→ **Dataset content**:
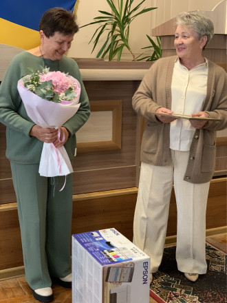 За сумлінну працю, професіоналізм та відданість своїй справі міський голова вручила Подяку колективу бібліотеки, яку отримала директор закладу Тамара Миколаївна Привалова в його особі.
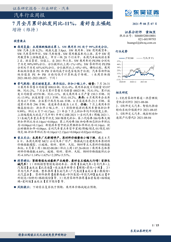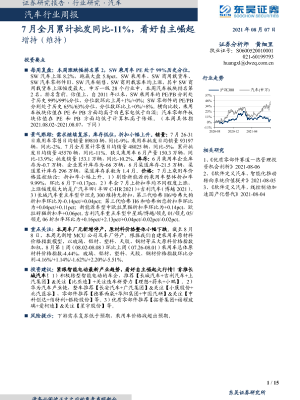 【东吴证券】【20210807】20210807-东吴证券-汽车行业周报:7月全月累计批发同比-11%,看好自主崛起-15页
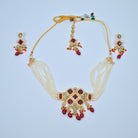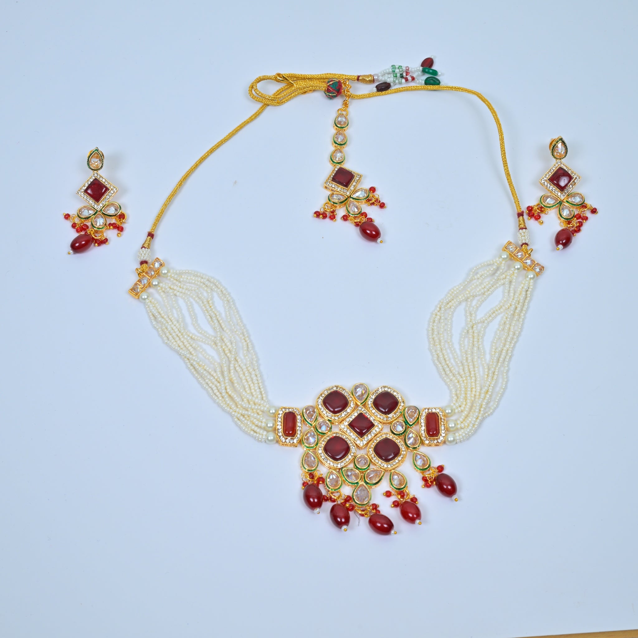GOLD-PLATED ETHNIC PINK STONE AND KUNDAN CHOKER NECKLACE AND EARRINGS SET
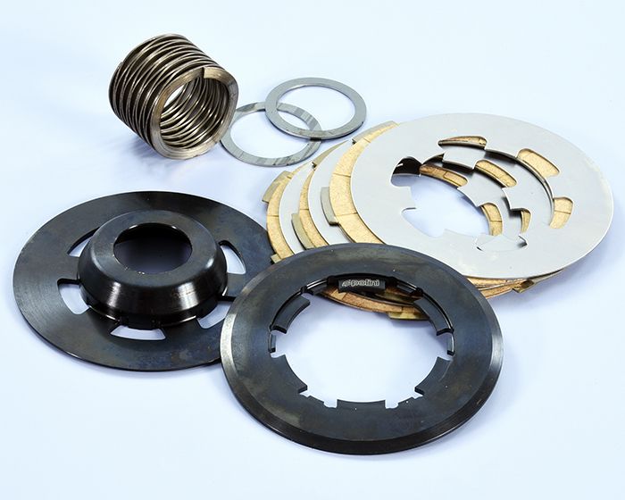 La gamma di frizioni Polini per Vespa 50, Special, 125 ET3, Primavera, PK 50/125 e Small frame si arricchisce. Il nuovo KIT FRIZIONE POLINI ORIGINAL con MOLLA WAVE è stato progettato per offrire un'esperienza di guida ancora più piacevole, grazie a una leva frizione più morbida e progressiva/graduale. Anche per questo modello viene utilizzata l’inedita molla wave. La molla wave è una spirale di nuova concezione, prodotta con tecniche costruttive di alta precisione; grazie alla sua struttura ad alveolare garantisce un’ottima planarità sulle facce di spinta della frizione e tollera carichi molto elevati. Di serie la molla wave è tarata per avere un carico di 80 kg. che può essere modificato, grazie a spessori di settaggio disponibili all’interno della confezione, che consentono di variare il carico fino a 125 Kg. di spinta. La molla è perfettamente alloggiata nel mozzo frizione predisposto con apposita sede di centraggio. Il mozzo frizione e i piattelli spingi disco sono in acciaio nitrurato ricavato dal pieno. I dischi frizione sono stati perfezionati con un materiale che ne aumenta il coefficiente d’attrito
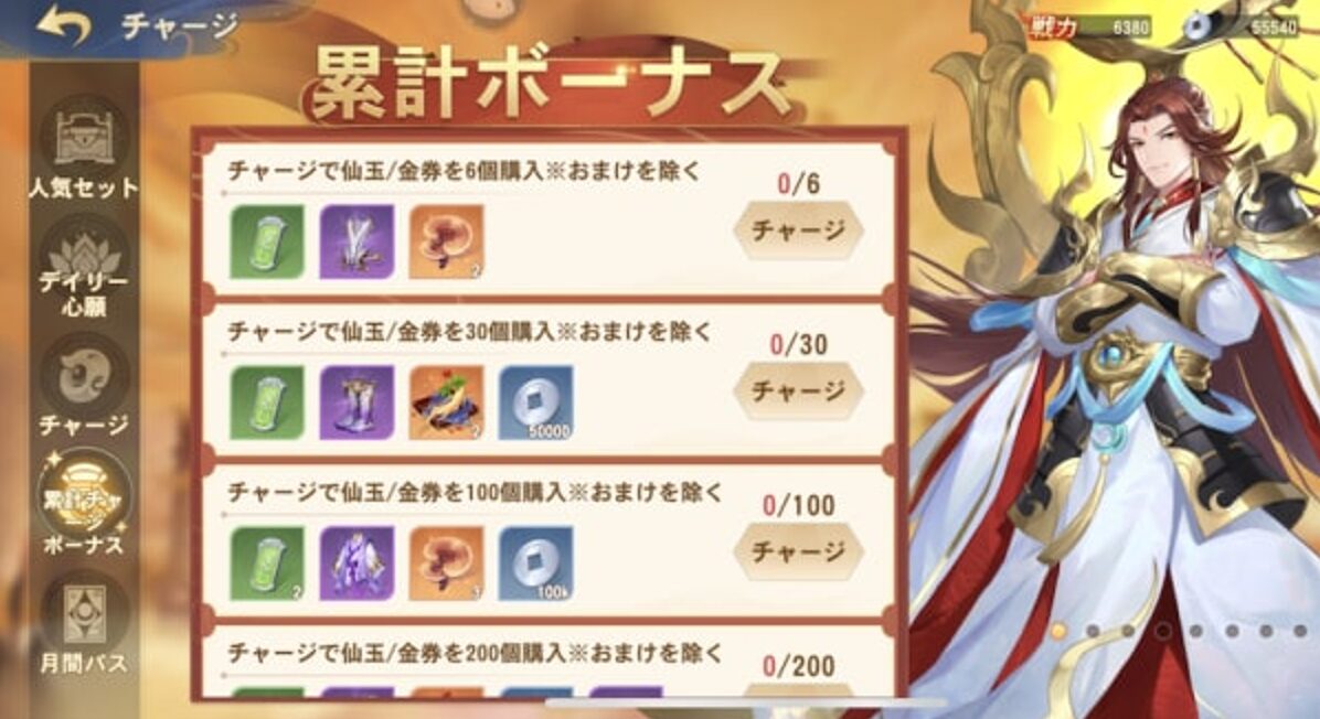 ゲーム内通貨である「仙玉」のパック購入を行っていくと、チャージ報酬が手に入ります。これを活用することで、より効率的にアイテムを入手することができます。
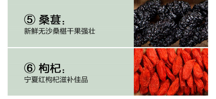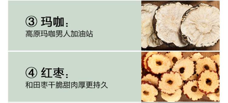 • 主要成分枸杞,黃精,桑葚,紅棗,人參,瑪咖
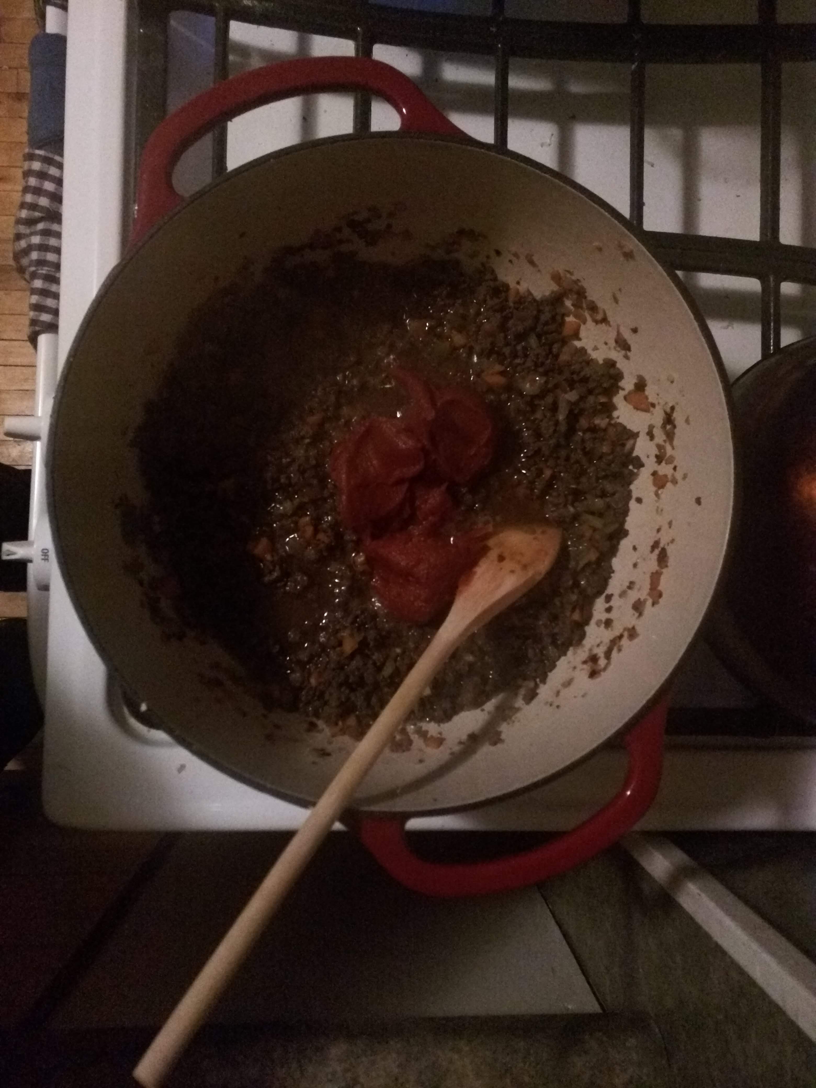 I don’t actually measure the amount of wine I use, but I think its about a half cup. Use it to deglaze the pan. Scraping all of the stuck on browned bits up with your spatula, you want to get the bottom of your pan clean at this point. Now is also the time to add in your tomato paste. A small can of the stuff is about the perfect amount, plop it into the pot and mix thoroughly with the red wine and other ingredients.
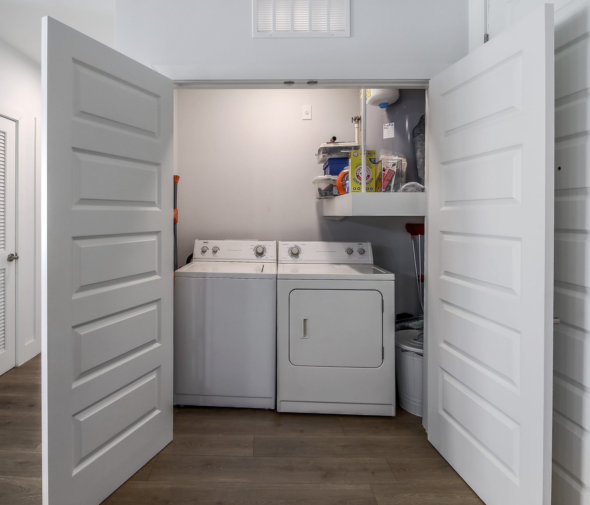 - Dryer, Dishwasher, Electric Cooktop, Exhaust Fan, Disposal, Microwave, Oven, Refrigerator, Stainless Steel Appliance(s), Washer
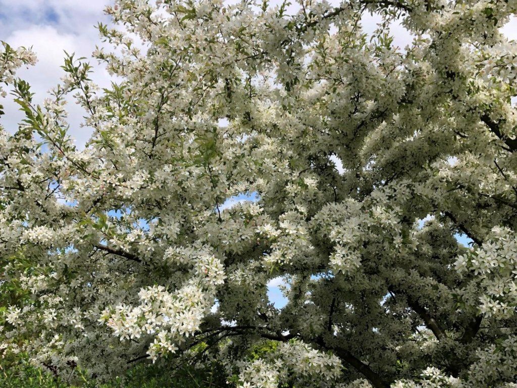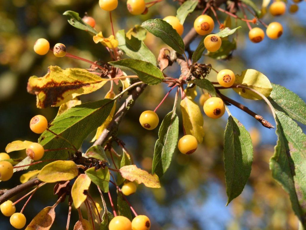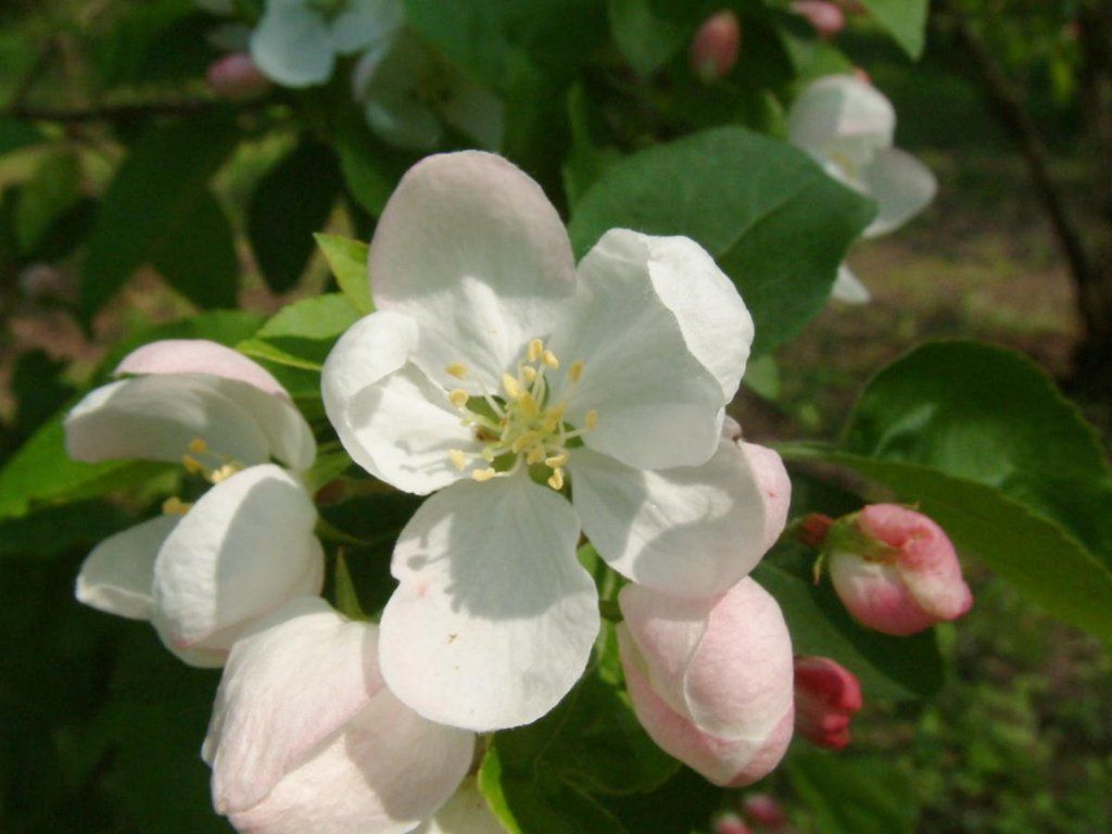 Jabloň prechodná - tvorí menší, rozložitý strom či ker, v dospelosti dorastajúci do výšky 8m. Na jar sa zo svetloružových púčikov rozvíjajú čisto biele jednoduché kvety so šiestimi až ôsmimi lupeňmi. Doslova obsypú celý strom. Plody sú drobné, guľovité. Majú žltú farbu. Sú jedlé, ale vďaka svojej veľkosti vhodné skôr pre vtáctvo a pod. Listy sú úzke, podlhovasté, majú zelenú farbu. Na jeseň sa sfarbujú do medovo žltej.

→ **Instructions for the task**: Without the pictures, return the listing above from its first line through the line that has "GOLD-PLATED ETHNIC PINK".

→ **Response area**:
 За сумлінну працю, професіоналізм та відданість своїй справі міський голова вручила Подяку колективу бібліотеки, яку отримала директор закладу Тамара Миколаївна Привалова в його особі.
 【东吴证券】【20210807】20210807-东吴证券-汽车行业周报:7月全月累计批发同比-11%,看好自主崛起-15页
GOLD-PLATED ETHNIC PINK STONE AND KUNDAN CHOKER NECKLACE AND EARRINGS SET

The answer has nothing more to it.